After locating the line with "2月8日(木)10:00~、" below, output it and each following line exactly, stopping after the line with "本次推介會包括新品推介和合作". No pictures.

◆ Listed entries:
------------------------------------------------------------------------
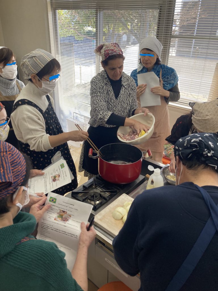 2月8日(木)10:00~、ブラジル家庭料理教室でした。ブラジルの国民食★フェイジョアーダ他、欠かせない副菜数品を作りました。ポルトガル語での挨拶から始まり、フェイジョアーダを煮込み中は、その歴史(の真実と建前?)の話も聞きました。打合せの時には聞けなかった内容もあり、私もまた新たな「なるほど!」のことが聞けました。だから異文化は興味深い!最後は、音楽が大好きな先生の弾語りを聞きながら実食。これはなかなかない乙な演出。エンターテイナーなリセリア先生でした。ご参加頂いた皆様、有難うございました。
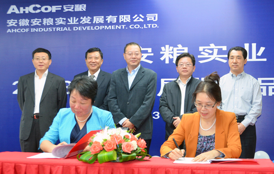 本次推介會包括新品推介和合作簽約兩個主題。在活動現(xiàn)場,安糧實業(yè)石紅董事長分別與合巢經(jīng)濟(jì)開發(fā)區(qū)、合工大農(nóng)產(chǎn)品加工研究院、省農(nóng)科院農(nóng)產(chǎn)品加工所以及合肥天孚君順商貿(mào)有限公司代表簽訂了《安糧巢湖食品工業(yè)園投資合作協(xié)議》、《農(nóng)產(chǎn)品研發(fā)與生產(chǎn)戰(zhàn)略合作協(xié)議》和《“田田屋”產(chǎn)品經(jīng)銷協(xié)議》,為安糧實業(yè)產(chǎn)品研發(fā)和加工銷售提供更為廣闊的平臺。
------------------------------------------------------------------------
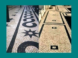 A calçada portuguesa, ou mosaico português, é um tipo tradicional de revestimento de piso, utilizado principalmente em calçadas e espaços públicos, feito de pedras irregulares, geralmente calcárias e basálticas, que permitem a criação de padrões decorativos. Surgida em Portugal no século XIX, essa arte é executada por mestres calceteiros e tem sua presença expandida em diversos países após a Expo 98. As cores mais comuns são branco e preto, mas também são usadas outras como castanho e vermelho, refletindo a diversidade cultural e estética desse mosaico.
------------------------------------------------------------------------
◆ Result of the task:
 2月8日(木)10:00~、ブラジル家庭料理教室でした。ブラジルの国民食★フェイジョアーダ他、欠かせない副菜数品を作りました。ポルトガル語での挨拶から始まり、フェイジョアーダを煮込み中は、その歴史(の真実と建前?)の話も聞きました。打合せの時には聞けなかった内容もあり、私もまた新たな「なるほど!」のことが聞けました。だから異文化は興味深い!最後は、音楽が大好きな先生の弾語りを聞きながら実食。これはなかなかない乙な演出。エンターテイナーなリセリア先生でした。ご参加頂いた皆様、有難うございました。
 本次推介會包括新品推介和合作簽約兩個主題。在活動現(xiàn)場,安糧實業(yè)石紅董事長分別與合巢經(jīng)濟(jì)開發(fā)區(qū)、合工大農(nóng)產(chǎn)品加工研究院、省農(nóng)科院農(nóng)產(chǎn)品加工所以及合肥天孚君順商貿(mào)有限公司代表簽訂了《安糧巢湖食品工業(yè)園投資合作協(xié)議》、《農(nóng)產(chǎn)品研發(fā)與生產(chǎn)戰(zhàn)略合作協(xié)議》和《“田田屋”產(chǎn)品經(jīng)銷協(xié)議》,為安糧實業(yè)產(chǎn)品研發(fā)和加工銷售提供更為廣闊的平臺。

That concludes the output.